The usual turbulence promoters are of various types but have historically been constrained by the demoulding capacity required for the cores used to form cavities and turbulence promoters.

Common shapes include simple, straight or inclined herringbone-shaped disruptors, simple protuberances or hollows of cylindrical or teardrop shape, or bridges that cross cavities and connect two opposite walls (typically the pressure side and suction side).

Depending on their type, spacing and geometric dimensions, these disruptors have different thermal efficiencies, but this efficiency remains proportional to the pressure losses generated: in a pressure losses/thermal efficiency diagram, all these geometries are essentially aligned. As the rate of excess pressure available to circulate the air in the circuit is limited, there is a strong case for increasing the heat exchange/pressure loss ratio.

The heat exchanges obtained are also not very homogeneous.

It is also difficult to increase heat exchange on one face (typically a hot wall), while limiting heat exchange on the opposite face (typically a cold internal partition), as this unnecessarily increases pressure losses and increases the temperature gradient between the cold internal partition and the hot external wall, which is detrimental to the mechanical strength of the vane.

There is therefore a need to define a technology that provides a solution to at least a part of these problems.

SUMMARY OF THE INVENTION

The aim of the present invention is to improve the ratio of heat exchange on the hot walls to pressure losses in the cavity, by using a new configuration of turbulence promoters.

This objective is achieved in accordance with the invention by means of an aircraft turbomachine vane, this vane comprising a blade and a cooling circuit inside the blade, this cooling circuit comprising at least one longitudinal cavity for the flow of a cooling air stream, the cooling circuit further comprising projecting elements into said cavity and which are configured to disrupt said air stream, characterised in that each of said projecting elements has the general shape of an arch and comprises two lateral legs and a median roof, the legs extending between a first wall of the cavity and said roof, this roof interconnecting said legs, and in that each of said elements defines internally, with said first wall, a first passage cross-section, and externally, with a second wall opposite the first wall, a second passage cross-section, and each of said elements being configured so that said first or second passage cross-section is reduced from upstream to downstream with respect to the direction of said air stream.

The present invention thus proposes the use of arch-shaped projecting elements. These projecting elements have the particularity of allowing a reduction in the air passage cross-section either inside or outside them, so as to accelerate the air passing through this air passage cross-section. Increasing the flow speed of the air on the wall to which a projecting element is connected, or on the opposite wall, increases the heat exchange between the air and this wall and therefore optimises the cooling of the vane.

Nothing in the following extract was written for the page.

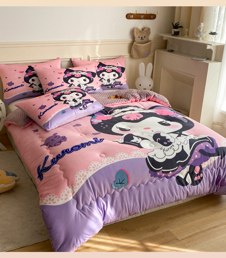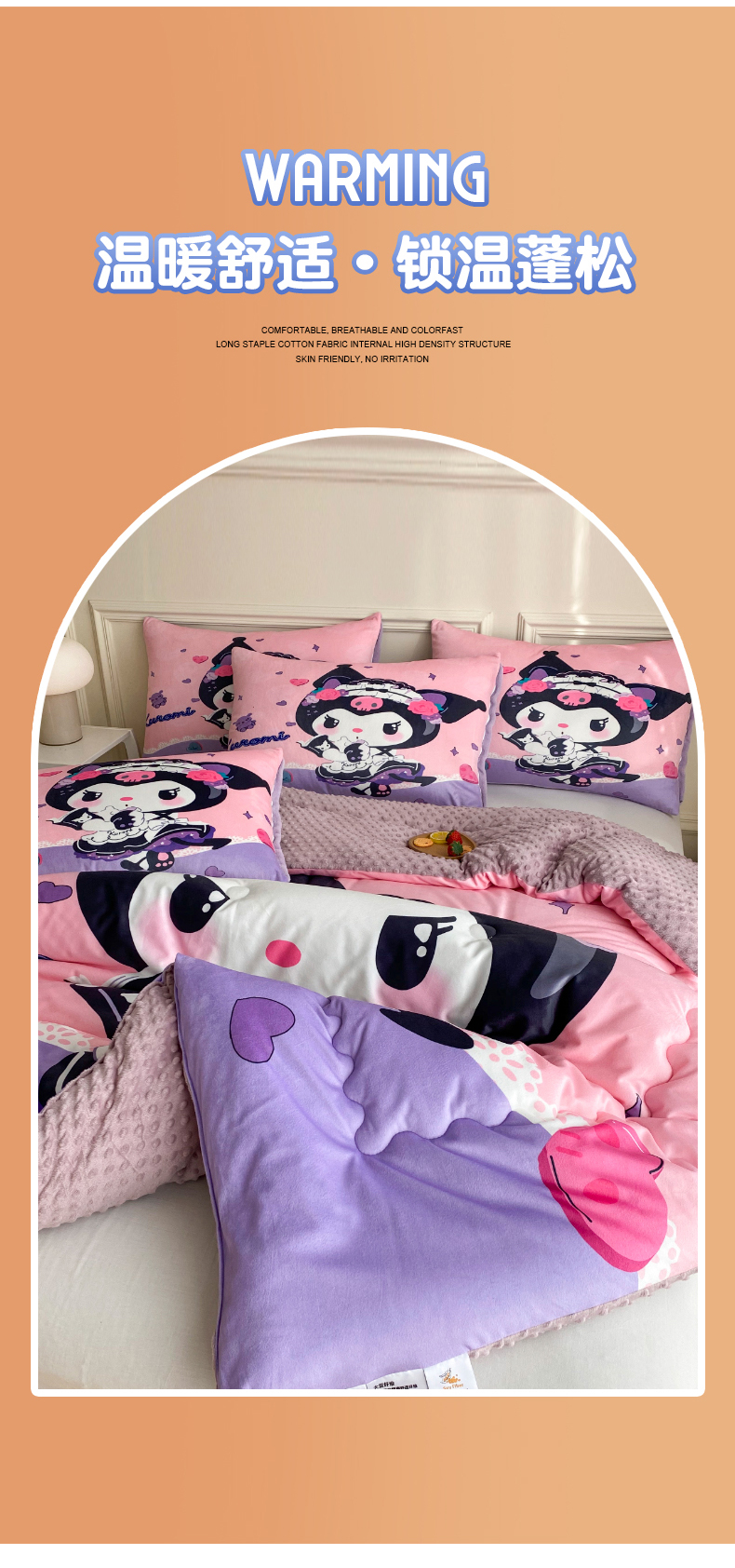 (总)一电 2025新款冬季双面牛奶珊瑚绒床上四件套法兰绒床品加绒被套床单三件套-第三批,公主库洛米,天使库洛米,甜筒库洛米,小兔子,圆点库洛米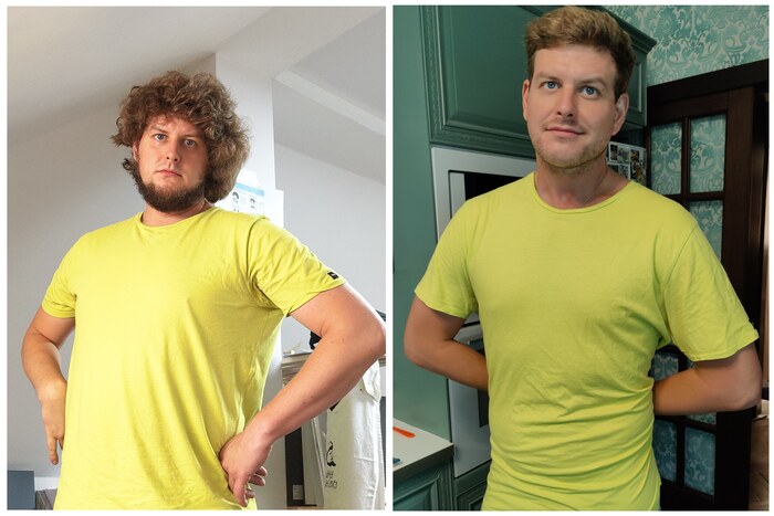 От того тощего мальчика уже мало что осталось. Я превратился в жирного мужика, который храпит уже в любом положении. Мне уже стало кайфово валяться на диване с пивком. Лень как привычка начала прогрессировать. Я много раз начинал как и многие браться за себя "с понедельника". Особенно когда смотрел на тех кто активно начал из моего окружения. Меня хватало на 1-2 недели, но один раз я героически продержался месяц. Делал какие-то упражнения из Ютуба. Месяц. Потом опять забивал на это болт. А, вот ещё что интересно, я постоянно фоткался типа сделаю серию фоток раз в неделю, буду следить за прогрессом, но потом бросал, поэтому у меня где-то есть серия фотографий разных лет и можно наоборот проследить как я свинею ещё больше. 100кг в 22 года, а в 31 я стал весить 115. Да у меня большой рост 195см, и многие говорили что для моего роста впринципе не видно что я жирный. Но жена частенько намекала "я тебя встретила не таким...". И вот весной этого года, я как и многие начал читать новости, телегу и прочие источники информации с утра до вечера. Спустя месяц пришло осознание что кукуха немного плывет. Решил заняться собой, либо сейчас, либо уже, наверное, никогда. Жена уже много лет занималась йогой и пилатесом практически каждый день. У неё фигура близка к идеалу. Я попросил её очень поддержать меня в этом. И в питании и в занятиях. Она подумала что очередной раз на месяц, не больше. Но в этот раз меня цепануло очень сильно. Правильное питание и занятия 5 дней в неделю творят чудеса. Первые 3 месяца -20 кило, а последние 6 ещё 5 кило. И да, в этот раз фоткаться каждую неделю я не захотел, подумал что это дурной знак. Но фотки до/после все равно есть.

The principle of the invention is therefore to increase heat exchange by influencing flow speed of the air rather than the turbulences. In fact, the turbulences increase the pressure losses at the same time as heat exchange, whereas the acceleration increases heat exchange while refining the boundary layer and therefore reducing the pressure losses. In addition, the establishment of the turbulence requires several promoters before reaching an optimum level for increasing heat exchange, so it cannot be used for very local cooling.

The vane also comprises one or more of the following characteristics, taken alone or in combination:

• • the roof comprising a first face which faces the first wall, and a second face which faces the second wall, at least one of the first and second faces being inclined with respect to the facing wall, from upstream to downstream relative to the direction of said air stream, so as to reduce the corresponding passage cross-section;
  • said roof of each of said projecting elements is inclined with respect to said first and second walls
  • said first and second faces are substantially parallel to each other;
  • said projecting elements are arranged one behind the other inside said cavity and form a row of projecting elements extending along said direction of said air stream, the row comprising for example between 5 and 10 projecting elements;
  • said legs of each of said projecting elements are separated from each other by a distance representing more than 40% of a width of said cavity;
  • said legs of each of said projecting elements are oriented in a convergent manner from upstream to downstream;
  • said legs and said roof of each of said projecting elements comprise upstream edges which are convexly rounded;
  • said roof of each of said projecting elements is located substantially at half a height in said cavity, this height being measured between said first and second walls;
  • each of said projecting elements defines an internal air passage cross-section which has a generally rectangular, circular, oblong or trapezoidal shape;
  • the reduction in the passage cross-section from the inlet to the outlet of each of the projecting elements is of the order of at least 10%;
  • the passage cross-section inside and at the inlet of each of the projecting elements can represent at least 25% of the total passage cross-section of the cavity;
  • each of the projecting elements has a length noted L3 and has an inlet with a height noted h, the length L3 being between 0.5.h and 3.h.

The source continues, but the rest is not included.